От Алексадрийской пахнет полевыми травами: вереском, алтеем и – немного – полынью.

А Маргариту почти всегда преследуют только запахи крови и гари.

– Тебе не нравится, как все они на меня смотрят? – неожиданно спрашивает Екатерина прямо в лоб. – Я тебе не нравлюсь?

– Да кто ты такая, чтобы я вообще имела о тебе хоть какое-то мнение, – кривится в ответ Марго.

«Дать бы тебе в челюсть».

– Это называется гордыня, Антиохийская, – спокойно сообщают ей.

– А когда ты поёшь здесь песни, а люди умирают на войне – это как называется? Ах да, тебя же так любят. Тебе же можно быть не такой, как другие.
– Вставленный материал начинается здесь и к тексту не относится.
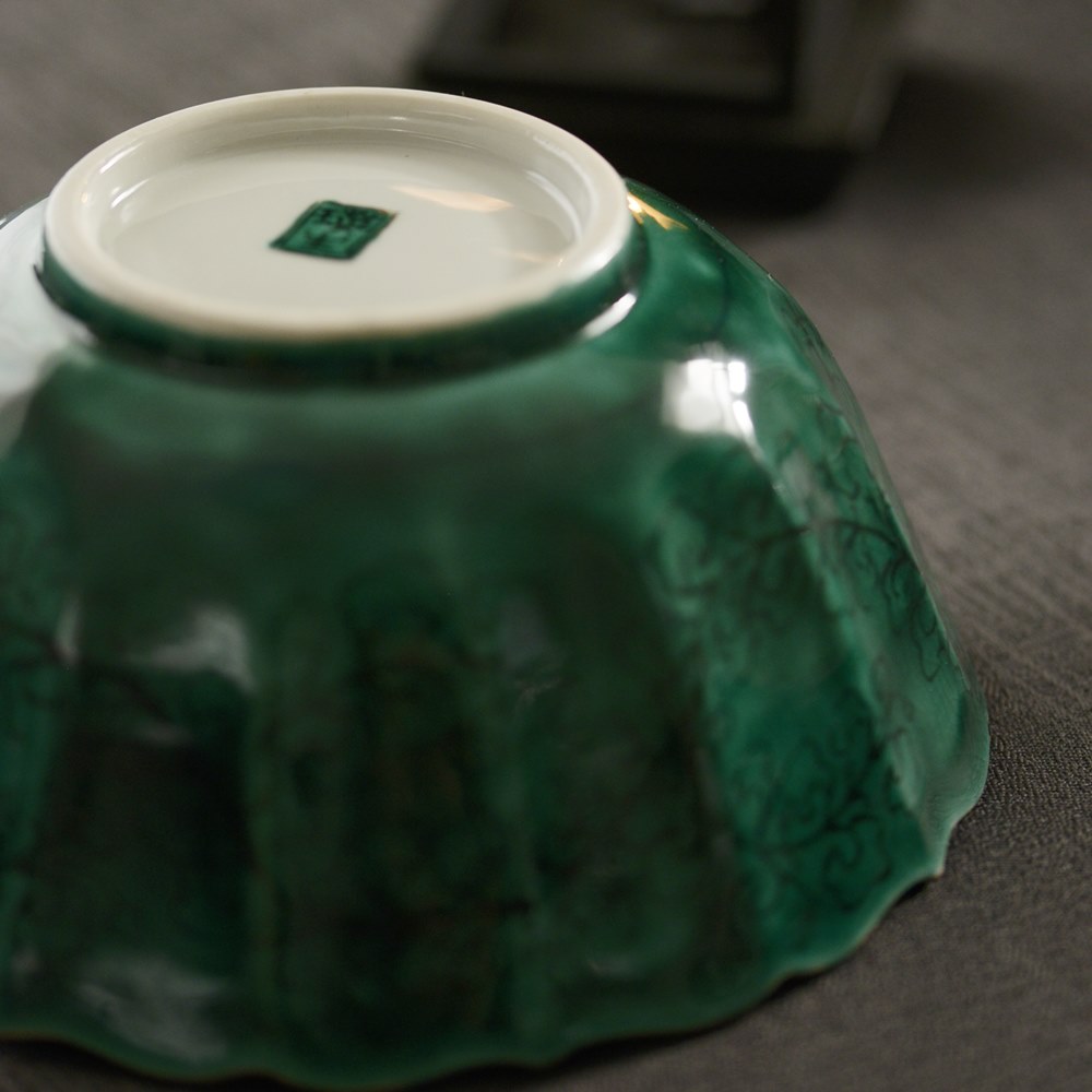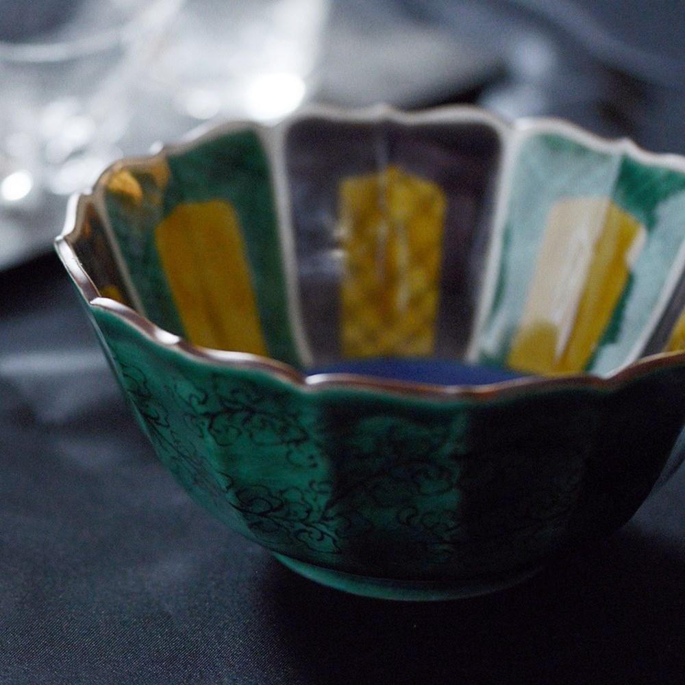 瑛生の器(九谷美陶園) 椿文様六寸深鉢 九谷焼ならではの深みのある美しさが魅力の一枚。落ち着いた色合いの椿文様は、伝統技法「吉田屋手」によるもので、職人の手描きによって丁寧に施されています。どこか懐かしさを感じさせながらも、現代の食卓にも自然と馴染むデザインです。しっかりと深さのある形状なので、サラダはもちろん、煮物や汁気のある料理、大皿料理をたっぷりと盛り付けるのにもぴったり。さらに、電子レンジ・食洗機対応という実用性の高さも嬉しいポイントです。日常使いしやすく、和洋問わずさまざまな料理に寄り添う器です。
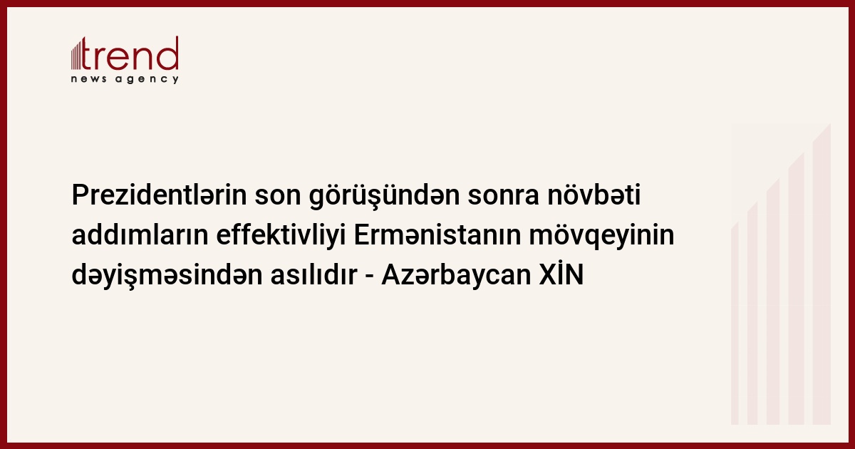 "Azərbaycan və Ermənistan prezidentlərin son görüşündən sonra növbəti addımların effektivliyi Yerevanın mövqeyinin dəyişməsindən asılıdır", - çərşənbə günü xarici işlər nazirinin müavini Araz Əzimov jurnalistlərə bildirib.

Не испытывать страха, не смотреть на все эти смерти, не пачкать в крови руки. Ты хоть знаешь, как это больно? – голос затихает к концу фразы, потому что Маргарита совсем не то хотела сказать, но больше она не говорит ничего.

Антиохийская ощущает себя так, будто изнутри её жжёт собственное же пламя.

Слезы высыхают прежде, чем успевают упасть на землю.

***

– Вот странно. Я совсем не могу тебя ненавидеть, – Екатерина звучит насмешливо и в то же время грустно.

А Марго кажется, что она может, и очень даже.

Екатерина говорит это, когда приходит в лазарет, откуда Антохийская сбежать не может, потому что с раненой ногой это чертовски отвратительно получается. В окно сквозь приподнятую занавеску светит только луна, заливая серебром проёмы меж досками в полу.

– Чего пришла? – теперь Марго приходится смотреть убийственно прямо, и если бы она была ведьмой, её слова давно бы уже превратились в яд.

– Ты хотела меня ударить? – Екатерина говорит тихо, нараспев, и с такой тоской, что душу ломит. – Ну вот я, стою перед тобой. Бей.

У неё такой спокойный взгляд – думает, не хватит духу. Думает, рука не поднимется. Духу хватает, рука поднимается, и Екатерина отступает назад, не проронив не звука. Удар был крепкий и Антиохийская правда давно хотела. Но злость утекает от этого, оставляя за собой бессилие.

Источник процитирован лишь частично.